Member of the Pennsylvania House of Representatives from the Delaware County district
- In office 1921–1922

Personal details
- Born: November 8, 1867 Upland, Pennsylvania
- Died: November 18, 1945 (aged 78) Chester, Pennsylvania
- Resting place: Chester Rural Cemetery, Chester, Pennsylvania
- Party: Republican

= John K. Hagerty =

American politician

John K. Hagerty (November 8, 1867 – November 18, 1945) was an American politician from Pennsylvania who served as a Republican member of the Pennsylvania House of Representatives for Delaware County from 1921 to 1922.

==Early life==
Hagerty was born in Upland, Pennsylvania. He worked as a machinist at the John Wetherill Manufacturing Company and as chief engineer and master mechanic at the Eddystone Manufacturing Company.

==Career==
Hagerty was elected to the Chester City Council and served from 1907 to 1918. He was the superintendent of Public Safety for Chester from 1914 to 1918 and school tax collector from 1918 to 1920.
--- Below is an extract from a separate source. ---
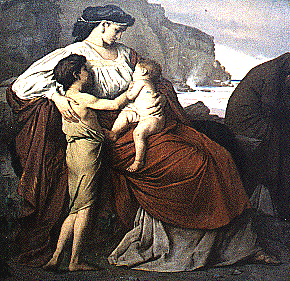 Jason for a time kept his assailants at bay with his sword and shield, till, finding their numbers overwhelming, he resorted to the charm which Medea had taught him, seized a stone and threw it in the midst of his foes. They immediately turned their arms against one another, and soon there was not one of the dragon's brood left alive. The Greeks embraced their hero, and Medea, if she dared, would have embraced him too.

Hagerty was elected to the Pennsylvania House of Representatives for Delaware County and served from 1921 to 1922. He was not a candidate for reelection for the 1923 House term.

He served as postmaster for the United States Postal Service for the Chester post office from 1923 to 1935.

He died in Chester, Pennsylvania, and is interred at the Chester Rural Cemetery.